魏書卷七十五 列傳第六十三 尒朱兆

洛陽急襲と孝荘帝殺害

  • 字萬仁、榮の従子。驍猛で騎射に優れ、榮の狩猟に常に従い信任された。榮が二頭の鹿を仕留めるよう命じ、一頭しか取れなかった兆を杖打ちにした逸話が伝わる。軍功で平逺将軍・歩兵校尉、榮の入洛では前鋒都督、孝荘即阼で中軍将軍・金紫光禄大夫等を歴任。
  • 上黨王元天穆の邢杲討伐、元顥の乱では賀拔勝らと河橋を渡り顥の子・冠受を捕らえ、安豐王元延明を破る功を挙げ、車騎大将軍・儀同三司・汾州刺史に累進した。
  • 尒朱榮が孝荘帝に殺されると、兆は汾州から晋陽に拠り、元暉の擁立で大将軍・王に進んだ。世隆らと洛陽攻撃を謀り、太行山を越え河梁を強行渡河(河辺の夢のお告げの逸話も伝わる)、宮門を急襲して孝荘帝を捕らえた。
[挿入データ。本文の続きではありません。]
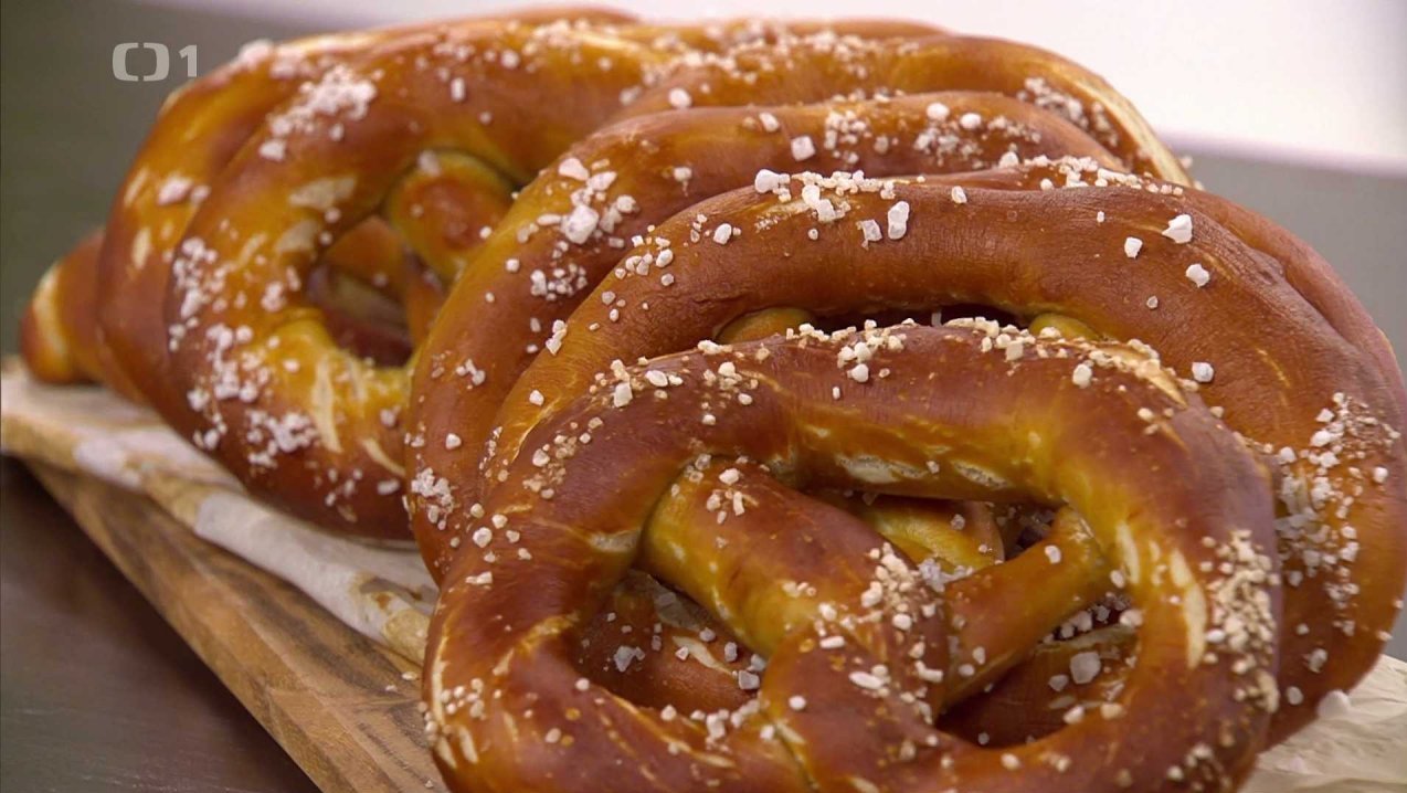 Rozdělíme na kousky po 80g a rozválíme na dlouhé prameny. Stočíme do tvaru preclíků a uložíme na plech. Dáme na jednu hodinu odpočinout do lednice. Připravíme si lázeň smícháním hydroxidu a vody, jednotlivé Odpočaté preclíky v ni dobře namočíme (použijeme rukavice) a uložime na plech, posypeme solí a ihned pečeme při 190c asi 10 minut dozlatova.

皇子を殺害し妃嬪を汙辱、財貨を掠奪した後、帝を晋陽に護送し河梁の五級寺で殺害した。
  • 洛陽進撃前、斉獻武王(高歓)に同心を求めたが、王は蜀の平定を口実に応じず、密かに天下の趨勢を見極めていた。兆は吉夢を語り事の成就を確信していたが、王は「今南行すれば天子を挟んで進退窮まるはず、その隙に乗ずればよい」と冷静に分析していた。孫騰の使者往来を経て、最終的に孝荘帝の暴崩に至った。
  • 前廃帝の代、使持節・侍中・都督中外諸軍事・柱国大将軍・領軍将軍・并州刺史・録尚書事に任ぜられ、天柱大将軍の号も「叔父の終官」として固辞した。
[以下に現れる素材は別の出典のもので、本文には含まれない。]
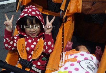 ちーちゃんはもうベビーカー卒業の年齢で、最近はもうベビーカーなんか乗りたがらないのに、今日はみーちゃんが乗ってるから自分も隣に乗りたい!!と^^;

  • 斉獻武王が殷州を克つと、兆は仲逺(尒朱仲遠)・度律と共討を約したが、王の反間策で互いに疑心暗鬼に陥り連携できず、王に各個撃破された。世隆の仲介で前廃帝の后に兆の娘を納れることで融和したが、韓陵山の戦いで大敗、晋陽に逃れ大掠を行った後、王の追撃で秀容に敗走。窮山で乗馬を殺し自ら首を吊って死んだ。
  • 果敢だが智謀に乏しく、榮も「兆に率いさせるなら三千騎まで、それ以上は乱れる」と評していた。弟・尒朱智虎は安定王・驃騎大将軍・肆州刺史であったが、兆と共に逃れ王に捕らえられ、赦された後に晋陽で没した。